This repository contains the code for the R Shiny app MSstatsShiny, which utilizes MSstats, MSstatsTMT, and MSstatsPTM to analyze proteomics experiments.
This tutorial will walk through the steps on MSstatsShiny for performing differential abundance analysis for a dataset from Fragpipe. We use a case study of a DIA experiment that was analyzed using the FragPipe computational tool. The dataset originates from a clear cell renal cell carcinoma (ccRCC) study described in this paper. In the original study, researchers from the CPTAC profiled tumor (T) samples, together with normal adjacent tissue (NAT) samples from each cancer patient, indicating a paired design.

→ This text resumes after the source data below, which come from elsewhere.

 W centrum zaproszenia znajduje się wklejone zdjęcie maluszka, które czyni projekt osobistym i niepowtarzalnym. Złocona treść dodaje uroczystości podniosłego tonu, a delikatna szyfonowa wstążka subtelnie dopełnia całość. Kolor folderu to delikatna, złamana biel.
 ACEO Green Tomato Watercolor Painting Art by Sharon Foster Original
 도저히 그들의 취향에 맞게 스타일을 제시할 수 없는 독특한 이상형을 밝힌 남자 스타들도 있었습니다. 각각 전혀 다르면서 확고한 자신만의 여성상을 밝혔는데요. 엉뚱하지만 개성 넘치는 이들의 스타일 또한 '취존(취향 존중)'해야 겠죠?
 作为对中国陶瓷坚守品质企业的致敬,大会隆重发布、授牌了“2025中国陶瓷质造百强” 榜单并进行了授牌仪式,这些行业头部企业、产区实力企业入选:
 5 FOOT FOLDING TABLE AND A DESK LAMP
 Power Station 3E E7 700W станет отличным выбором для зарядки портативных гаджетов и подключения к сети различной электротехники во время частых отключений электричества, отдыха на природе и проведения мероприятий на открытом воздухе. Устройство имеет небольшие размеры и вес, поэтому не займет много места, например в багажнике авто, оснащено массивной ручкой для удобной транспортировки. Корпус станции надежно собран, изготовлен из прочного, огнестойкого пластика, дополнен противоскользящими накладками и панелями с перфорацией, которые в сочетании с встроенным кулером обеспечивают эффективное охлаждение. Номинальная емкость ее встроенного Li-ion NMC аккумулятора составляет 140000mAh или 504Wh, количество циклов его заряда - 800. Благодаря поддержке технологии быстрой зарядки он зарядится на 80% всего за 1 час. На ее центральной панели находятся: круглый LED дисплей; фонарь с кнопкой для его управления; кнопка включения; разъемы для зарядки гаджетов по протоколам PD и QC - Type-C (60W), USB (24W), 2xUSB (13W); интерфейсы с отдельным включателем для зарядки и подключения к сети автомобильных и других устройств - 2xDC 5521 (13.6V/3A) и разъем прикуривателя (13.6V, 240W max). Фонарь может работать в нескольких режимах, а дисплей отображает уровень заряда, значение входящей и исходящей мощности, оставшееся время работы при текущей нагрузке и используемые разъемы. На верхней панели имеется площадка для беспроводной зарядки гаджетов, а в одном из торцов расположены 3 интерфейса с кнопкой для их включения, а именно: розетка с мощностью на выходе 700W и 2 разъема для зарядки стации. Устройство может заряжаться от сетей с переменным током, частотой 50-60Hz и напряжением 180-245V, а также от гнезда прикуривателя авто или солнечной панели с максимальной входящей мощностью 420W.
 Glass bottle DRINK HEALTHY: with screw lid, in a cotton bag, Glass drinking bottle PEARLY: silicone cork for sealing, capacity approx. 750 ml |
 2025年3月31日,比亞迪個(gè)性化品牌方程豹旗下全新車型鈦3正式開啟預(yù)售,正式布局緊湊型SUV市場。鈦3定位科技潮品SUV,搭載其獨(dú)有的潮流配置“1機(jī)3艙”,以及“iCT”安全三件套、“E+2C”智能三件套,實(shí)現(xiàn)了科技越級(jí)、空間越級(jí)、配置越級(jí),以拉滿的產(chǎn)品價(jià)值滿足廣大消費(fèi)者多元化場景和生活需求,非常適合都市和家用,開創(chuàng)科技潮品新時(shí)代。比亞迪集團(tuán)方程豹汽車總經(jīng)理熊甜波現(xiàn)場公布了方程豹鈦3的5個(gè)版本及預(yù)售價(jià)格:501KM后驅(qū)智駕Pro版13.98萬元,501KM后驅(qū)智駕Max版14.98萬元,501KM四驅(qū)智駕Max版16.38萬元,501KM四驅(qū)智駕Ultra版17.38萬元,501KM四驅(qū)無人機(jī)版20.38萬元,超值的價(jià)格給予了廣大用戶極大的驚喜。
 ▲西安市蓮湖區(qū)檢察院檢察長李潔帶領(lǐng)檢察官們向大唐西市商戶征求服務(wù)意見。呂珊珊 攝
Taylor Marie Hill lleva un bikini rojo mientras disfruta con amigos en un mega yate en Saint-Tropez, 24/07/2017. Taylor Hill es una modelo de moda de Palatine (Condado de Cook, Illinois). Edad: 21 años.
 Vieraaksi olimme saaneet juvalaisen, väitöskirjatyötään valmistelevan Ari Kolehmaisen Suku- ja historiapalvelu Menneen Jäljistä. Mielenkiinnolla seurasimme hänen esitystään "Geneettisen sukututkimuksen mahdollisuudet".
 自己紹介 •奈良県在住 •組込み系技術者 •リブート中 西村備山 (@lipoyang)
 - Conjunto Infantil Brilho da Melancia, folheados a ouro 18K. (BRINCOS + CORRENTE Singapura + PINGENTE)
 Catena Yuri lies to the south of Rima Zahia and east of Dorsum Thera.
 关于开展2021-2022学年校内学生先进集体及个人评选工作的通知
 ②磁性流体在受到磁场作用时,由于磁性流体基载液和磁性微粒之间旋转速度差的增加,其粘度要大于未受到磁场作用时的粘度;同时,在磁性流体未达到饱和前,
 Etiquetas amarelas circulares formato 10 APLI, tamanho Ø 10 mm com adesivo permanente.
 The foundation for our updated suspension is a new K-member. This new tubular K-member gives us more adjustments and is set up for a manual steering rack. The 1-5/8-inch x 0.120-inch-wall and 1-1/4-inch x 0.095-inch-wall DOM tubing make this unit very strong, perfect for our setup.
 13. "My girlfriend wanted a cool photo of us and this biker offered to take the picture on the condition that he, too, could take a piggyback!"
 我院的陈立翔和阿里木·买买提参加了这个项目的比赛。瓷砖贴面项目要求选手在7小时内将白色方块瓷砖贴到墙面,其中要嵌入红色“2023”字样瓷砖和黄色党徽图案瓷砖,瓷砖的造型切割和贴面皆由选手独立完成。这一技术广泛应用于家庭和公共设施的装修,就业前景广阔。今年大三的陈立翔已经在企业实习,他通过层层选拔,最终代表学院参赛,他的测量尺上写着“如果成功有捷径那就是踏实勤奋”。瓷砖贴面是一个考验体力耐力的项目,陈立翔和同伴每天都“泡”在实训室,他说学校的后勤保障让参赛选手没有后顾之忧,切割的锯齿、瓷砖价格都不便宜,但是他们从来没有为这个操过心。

All datasets for this tutorial can be found at this link
Install MSstatsShiny using the instructions below:
-
Download R - https://cran.r-project.org/. Note R version must be >= 4.4
-
Note: if on windows you must also install R Tools - https://cran.r-project.org/bin/windows/Rtools/
-
Optionally you can also install RStudio Desktop - https://posit.co/downloads/
-
-
Run R or RStudio (if downloaded)
-
In the console run the installation code (see below) (https://bioconductor.org/packages/release/bioc/html/MSstatsShiny.html)
if (!require("BiocManager", quietly = TRUE))
install.packages("BiocManager")
BiocManager::install("MSstatsShiny")
- If this does not work due to a release 3.21 issue, you can install release 3.20 with the following 2 commands:
BiocManager::install(version = '3.20', force = TRUE)
BiocManager::install('MSstatsShiny', version = '3.20', force = TRUE)
- If you get a bug related to lme4, you can install the latest version of lme4 with the following command:
install.packages("lme4", type = "source")
- You can also install from Github with the following command:
devtools::install_github("Vitek-Lab/MSstatsShiny", build_vignettes = TRUE)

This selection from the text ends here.